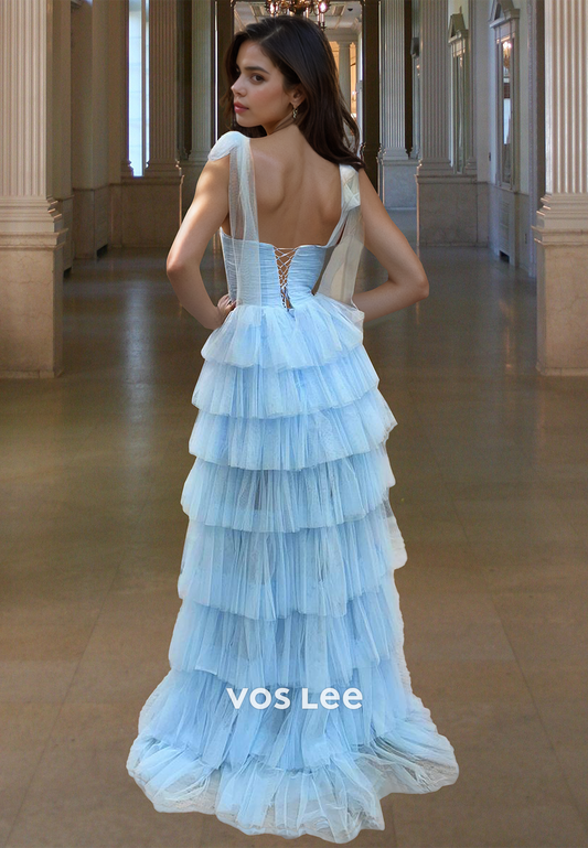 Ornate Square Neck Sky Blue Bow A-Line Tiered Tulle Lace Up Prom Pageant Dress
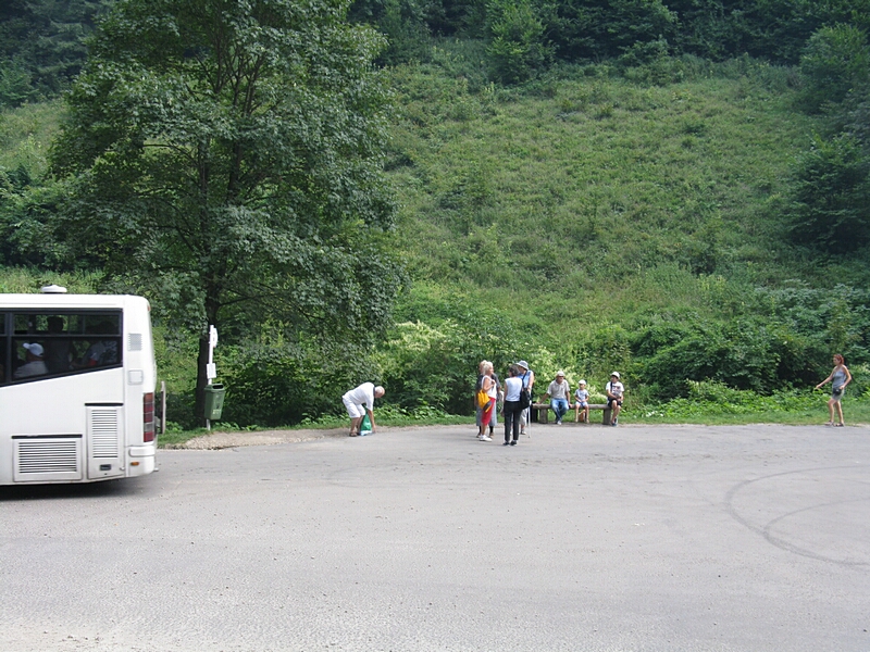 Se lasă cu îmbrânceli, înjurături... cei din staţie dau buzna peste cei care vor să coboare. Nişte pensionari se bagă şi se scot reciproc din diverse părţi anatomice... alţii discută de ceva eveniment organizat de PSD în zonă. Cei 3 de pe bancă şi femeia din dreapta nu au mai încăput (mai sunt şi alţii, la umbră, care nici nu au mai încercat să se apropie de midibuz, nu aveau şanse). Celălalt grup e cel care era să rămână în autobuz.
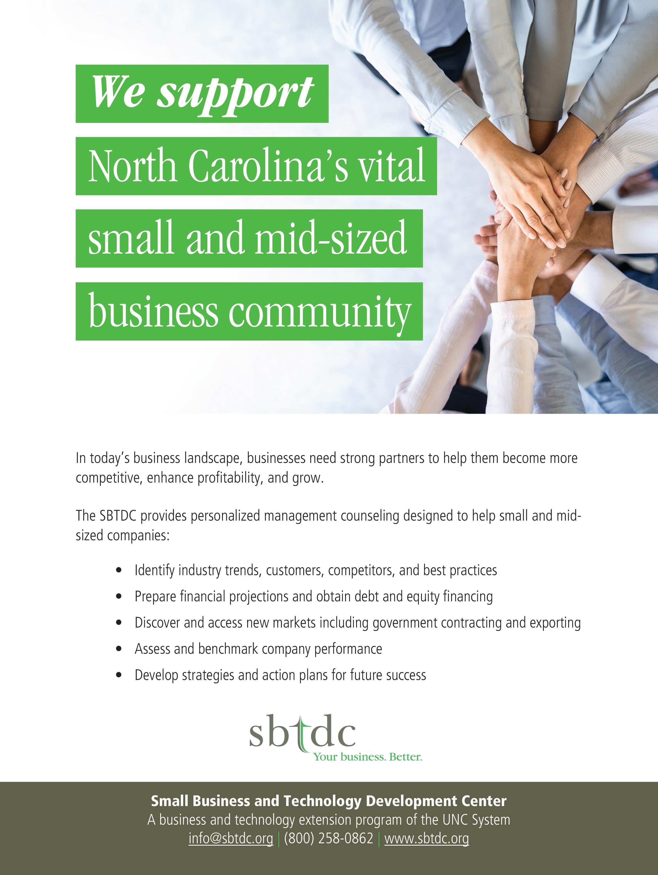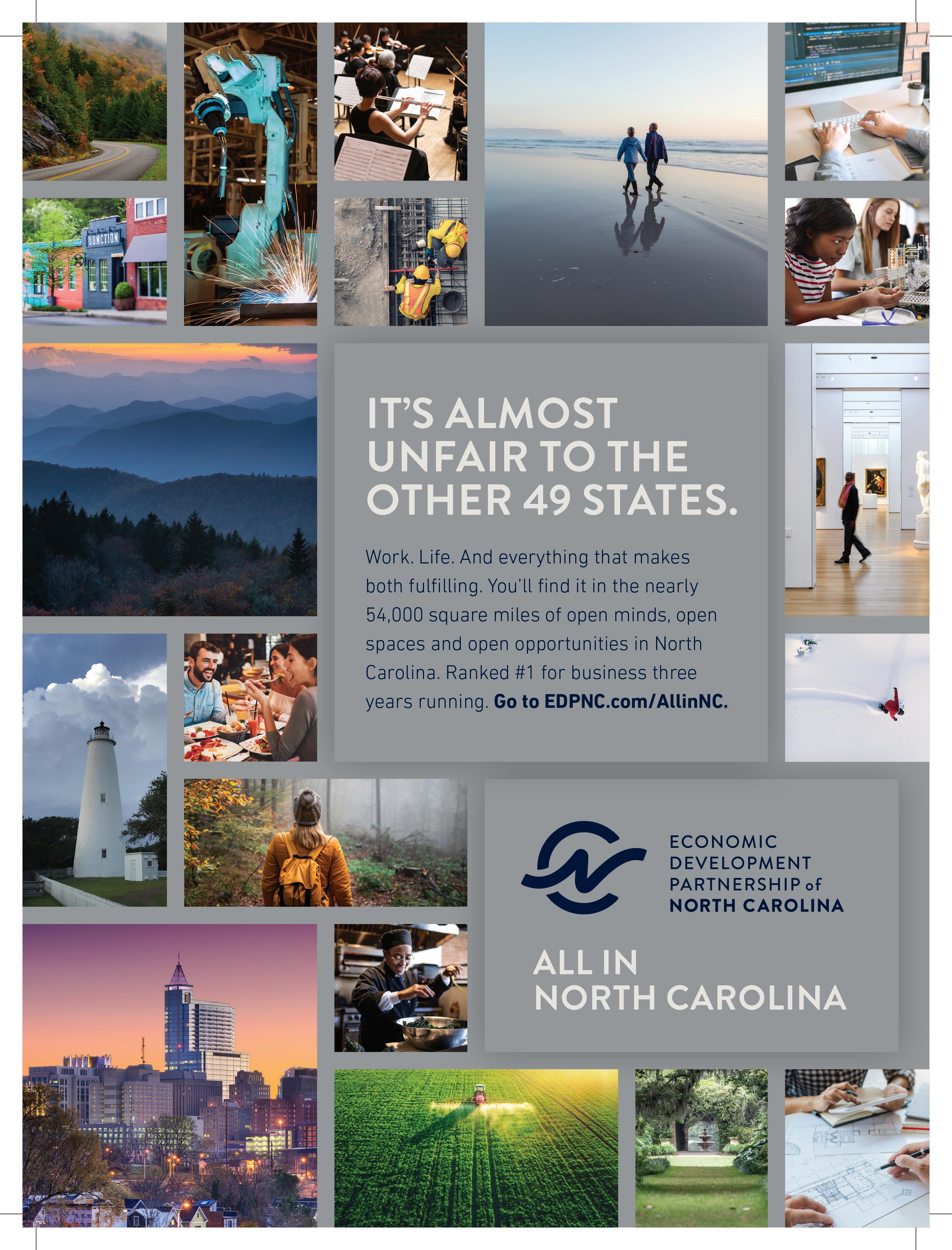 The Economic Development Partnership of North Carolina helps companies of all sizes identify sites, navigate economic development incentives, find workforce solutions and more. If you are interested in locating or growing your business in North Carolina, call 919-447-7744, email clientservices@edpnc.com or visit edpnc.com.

▬▬▬▬▬▬▬▬▬▬

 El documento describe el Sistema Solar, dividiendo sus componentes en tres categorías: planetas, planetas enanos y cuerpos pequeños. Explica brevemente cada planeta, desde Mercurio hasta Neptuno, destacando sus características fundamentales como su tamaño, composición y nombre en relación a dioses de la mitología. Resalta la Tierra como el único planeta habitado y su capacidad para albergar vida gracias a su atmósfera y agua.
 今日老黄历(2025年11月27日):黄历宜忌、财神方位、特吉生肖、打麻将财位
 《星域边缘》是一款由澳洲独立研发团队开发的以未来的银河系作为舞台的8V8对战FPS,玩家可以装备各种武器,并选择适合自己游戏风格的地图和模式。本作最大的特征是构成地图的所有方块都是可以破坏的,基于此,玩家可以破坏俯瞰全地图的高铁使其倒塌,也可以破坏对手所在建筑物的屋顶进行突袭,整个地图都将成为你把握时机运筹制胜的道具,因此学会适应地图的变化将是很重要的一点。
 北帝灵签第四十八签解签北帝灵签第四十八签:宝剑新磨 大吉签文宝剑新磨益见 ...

▬▬▬▬▬▬▬▬▬▬

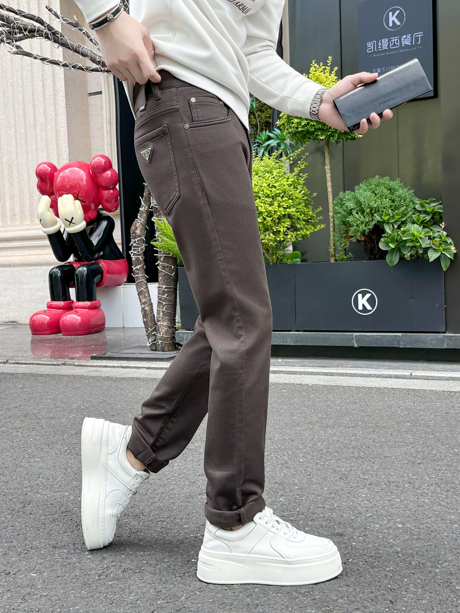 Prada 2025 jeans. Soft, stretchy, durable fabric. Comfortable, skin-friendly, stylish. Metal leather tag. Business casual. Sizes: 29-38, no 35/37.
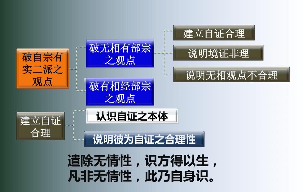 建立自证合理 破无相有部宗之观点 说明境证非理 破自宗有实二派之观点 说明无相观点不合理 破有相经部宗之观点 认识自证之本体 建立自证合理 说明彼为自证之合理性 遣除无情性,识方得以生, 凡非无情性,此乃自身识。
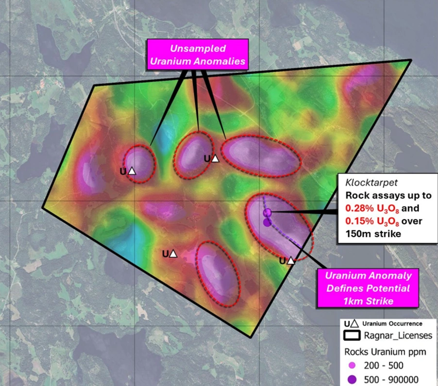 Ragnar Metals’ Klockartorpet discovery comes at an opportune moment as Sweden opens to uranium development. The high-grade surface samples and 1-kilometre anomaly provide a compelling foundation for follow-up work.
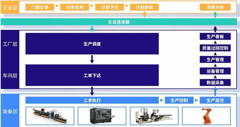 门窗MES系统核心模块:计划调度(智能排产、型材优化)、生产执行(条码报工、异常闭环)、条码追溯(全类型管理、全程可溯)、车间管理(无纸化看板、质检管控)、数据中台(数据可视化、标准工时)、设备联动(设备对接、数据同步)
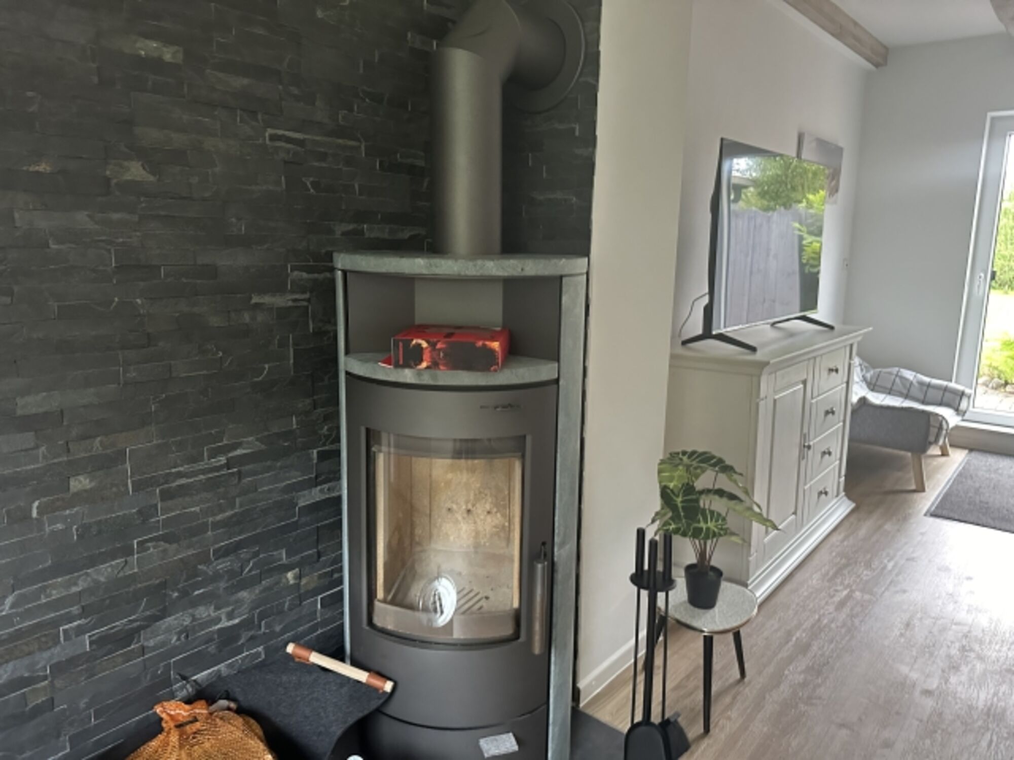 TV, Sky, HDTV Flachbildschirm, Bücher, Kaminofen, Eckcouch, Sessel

▬▬▬▬▬▬▬▬▬▬

Looking back over the data above, restate word for word the lines that begin at the line with "El documento describe" and end at the line with "北帝灵签第四十八签解签北帝灵签第四十八签:宝剑新磨 大吉签文宝剑新磨益见 ...", inclusive.

 El documento describe el Sistema Solar, dividiendo sus componentes en tres categorías: planetas, planetas enanos y cuerpos pequeños. Explica brevemente cada planeta, desde Mercurio hasta Neptuno, destacando sus características fundamentales como su tamaño, composición y nombre en relación a dioses de la mitología. Resalta la Tierra como el único planeta habitado y su capacidad para albergar vida gracias a su atmósfera y agua.
 今日老黄历(2025年11月27日):黄历宜忌、财神方位、特吉生肖、打麻将财位
 《星域边缘》是一款由澳洲独立研发团队开发的以未来的银河系作为舞台的8V8对战FPS,玩家可以装备各种武器,并选择适合自己游戏风格的地图和模式。本作最大的特征是构成地图的所有方块都是可以破坏的,基于此,玩家可以破坏俯瞰全地图的高铁使其倒塌,也可以破坏对手所在建筑物的屋顶进行突袭,整个地图都将成为你把握时机运筹制胜的道具,因此学会适应地图的变化将是很重要的一点。
 北帝灵签第四十八签解签北帝灵签第四十八签:宝剑新磨 大吉签文宝剑新磨益见 ...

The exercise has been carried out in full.